Concerns about a militarized space race aren’t new, but it’s not like extraterrestrial diplomacy is on the table. NASA and American space companies were effectively banned from working with China in the mid-1990s after a Congressional investigation accused China of stealing hardware from an American telecommunications satellite, which may have improved China’s missile capabilities. (At that point, satellites containing American parts could still catch a ride on Chinese rockets.) In 2011, this ban became law when then US representative Frank Wolf (R-Virginia)—who had previously called China an “evil empire” comparable to Nazi Germany—added an amendment to a NASA appropriations bill that prohibited the agency’s scientists from collaborating with any Chinese nationals affiliated with the Chinese government. It’s been re-upped every year since.

“He put these two sentences into the NASA appropriations bill largely because he felt that there was religious persecution in China and that democracies shouldn’t cooperate with communist countries,” says Joan Johnson-Freese, an expert on the Chinese space program and professor of national security affairs at the US Naval War College. “There are certainly issues with China and technology transfer, but I think it is as much to do about politics as anything else.”

It was a fateful decision. The US blocked China from participating in collaborative projects like the International Space Station, and the International Traffic in Arms Regulations (ITAR) blocked it from flying any payloads that contained American components.
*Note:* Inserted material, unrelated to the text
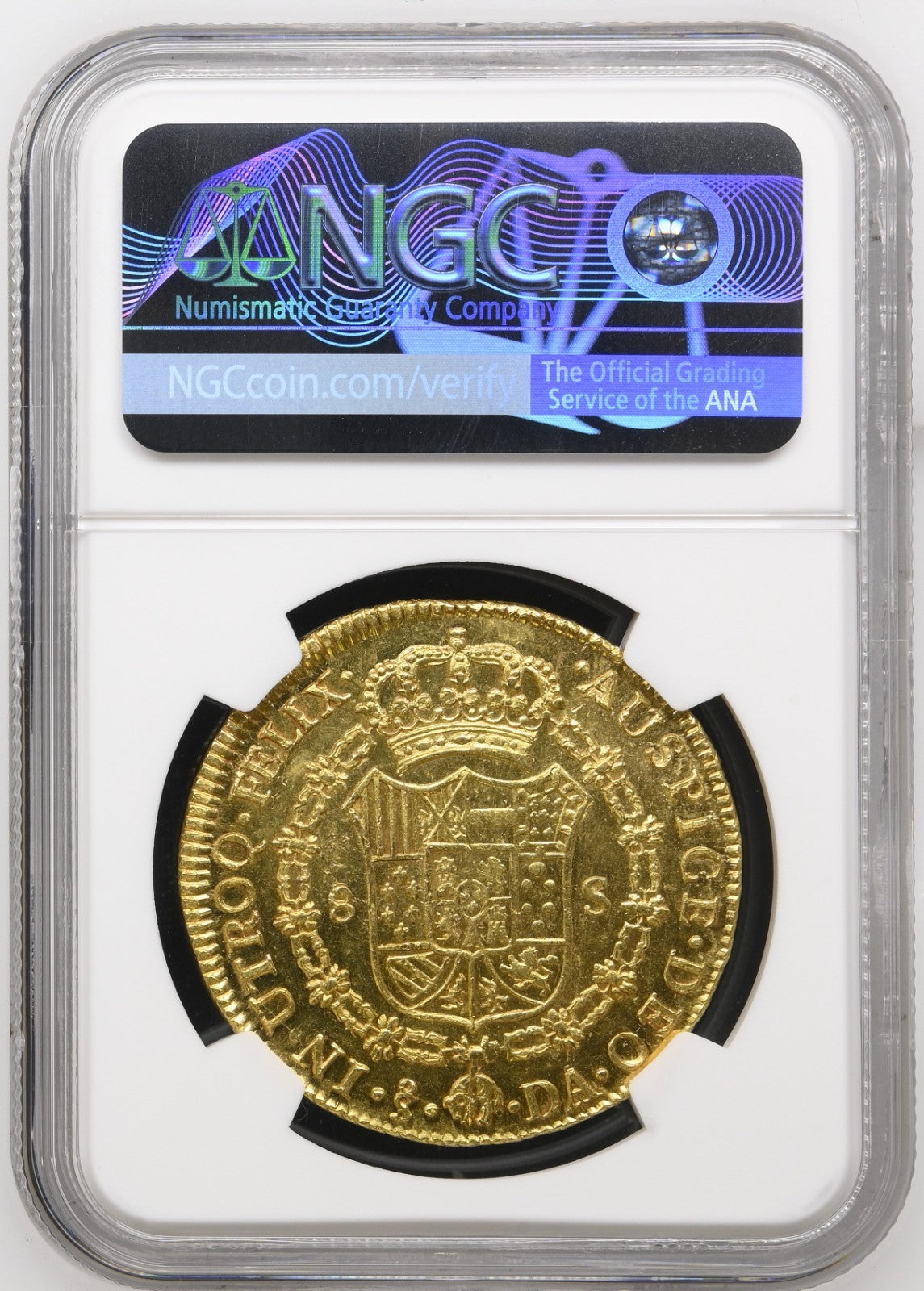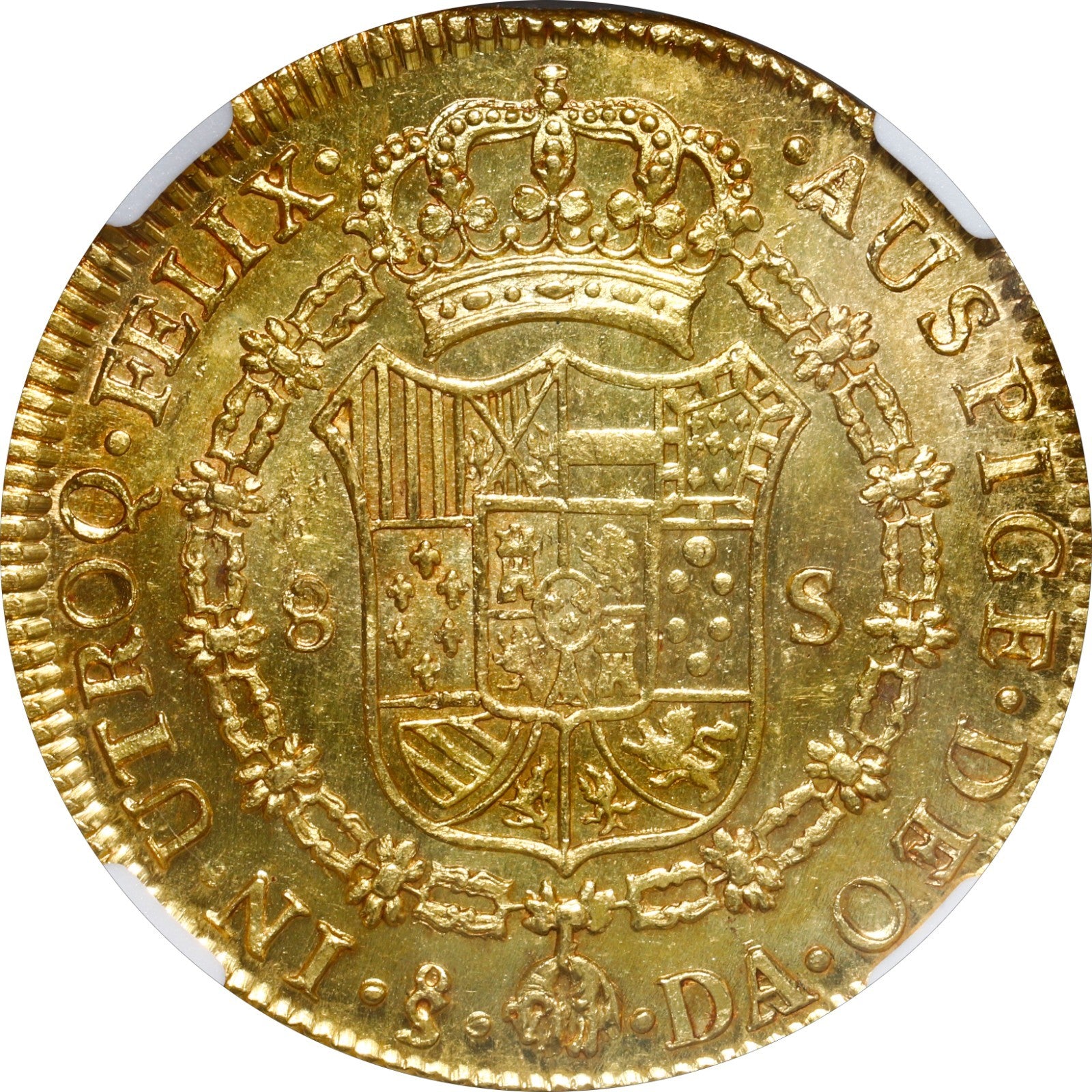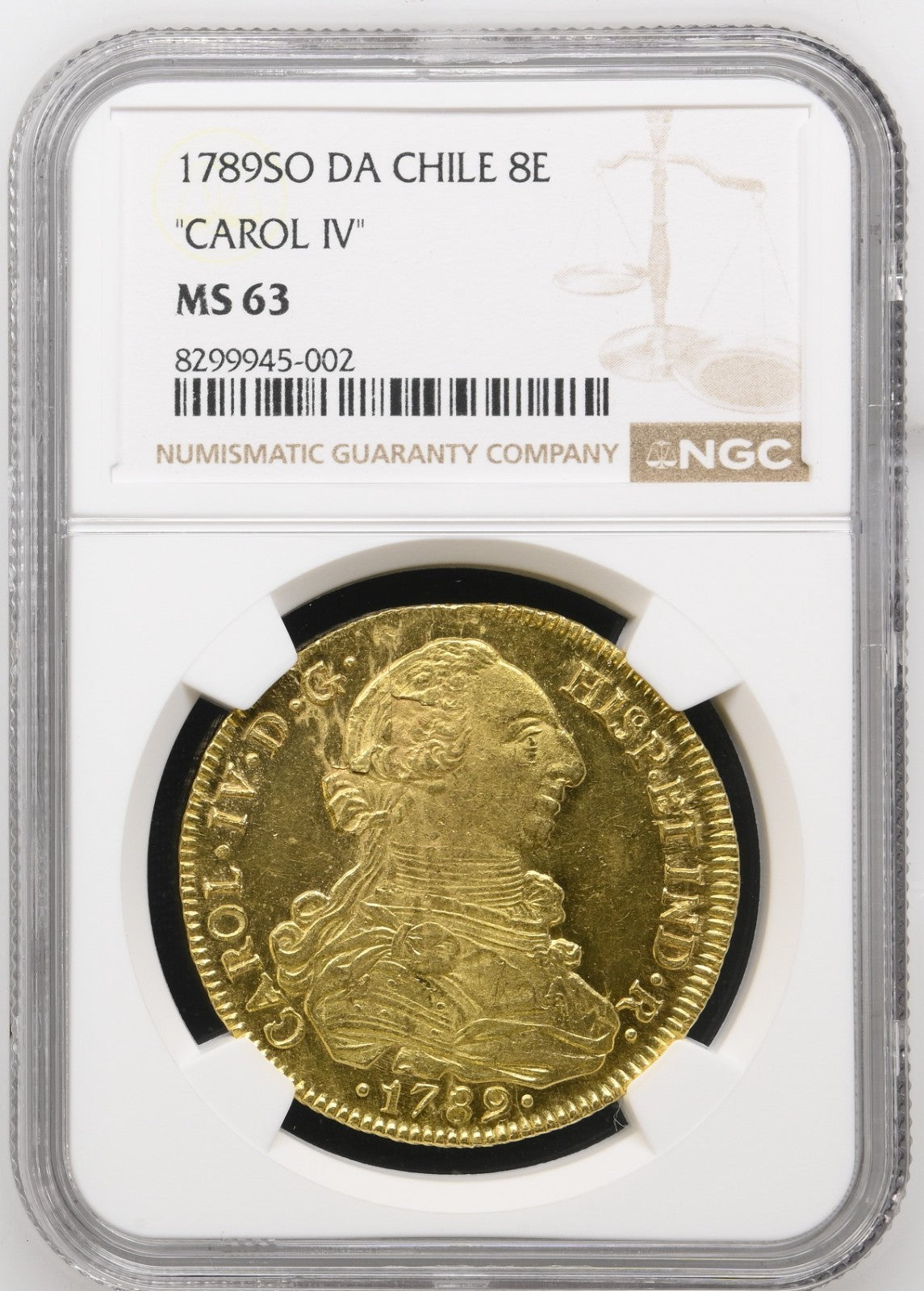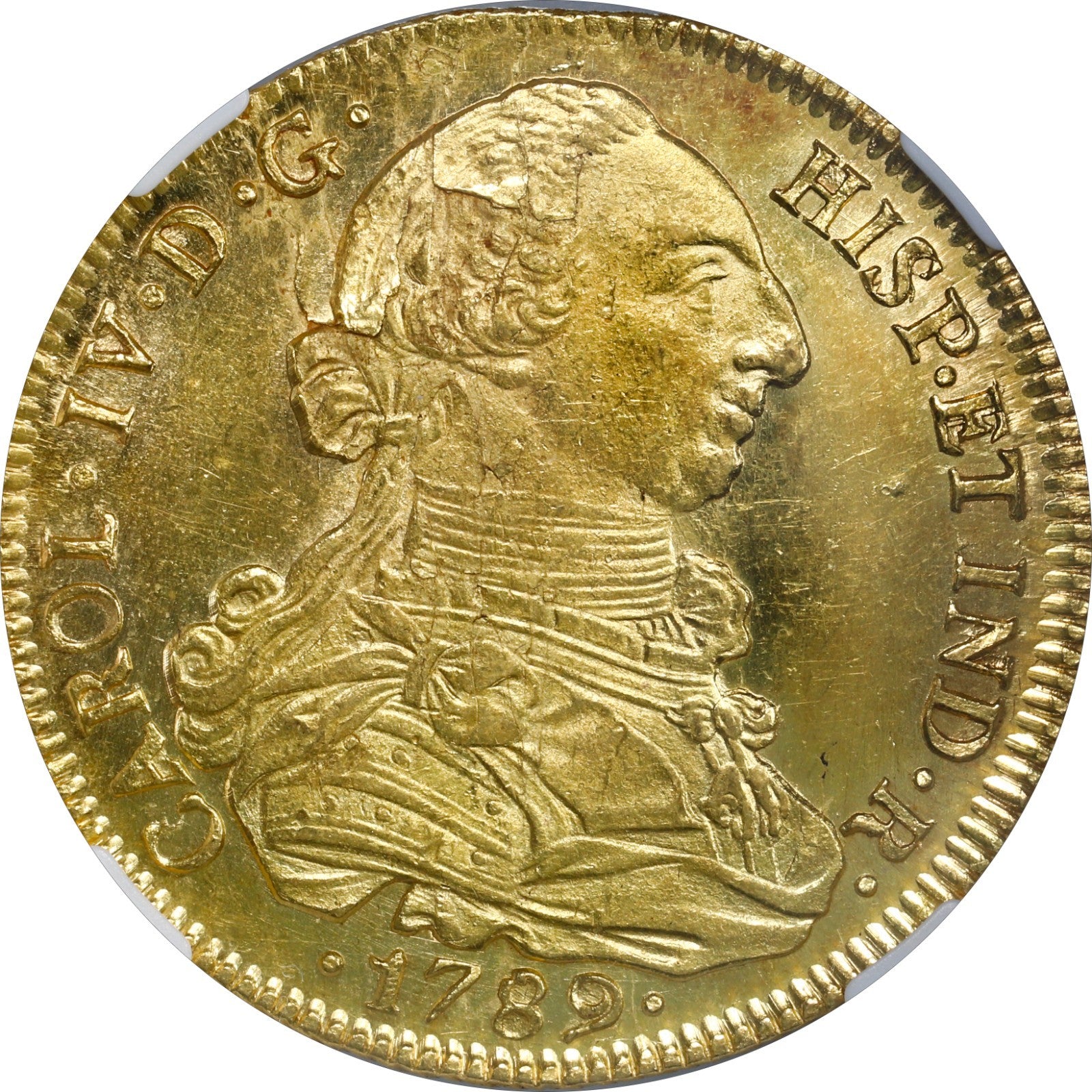 CHILE, Santiago, gold bust 8 escudos, Charles IV transitional (bust of Charles III, ordinal IV), 1789 DA, NGC MS 63, finest known in NGC census.

These exclusionary policies were meant to protect the military secrets of the US and its allies, but they also forced China’s government to develop the technology and expertise needed to become a major spacefaring power. “After a while they started to recognize that there were benefits to doing this on their own,” says Johnson-Freese. “As long as they were on their own, they controlled their program instead of American politics.”

Tianmen-1 is China’s most ambitious foray into deep space yet, and it shows just how far the country’s space program has come in the past two decades. The nation hasn’t surpassed America’s extraterrestrial achievements just yet. But its Mars shot shows that the technological gulf between the two spacefaring nations is rapidly closing.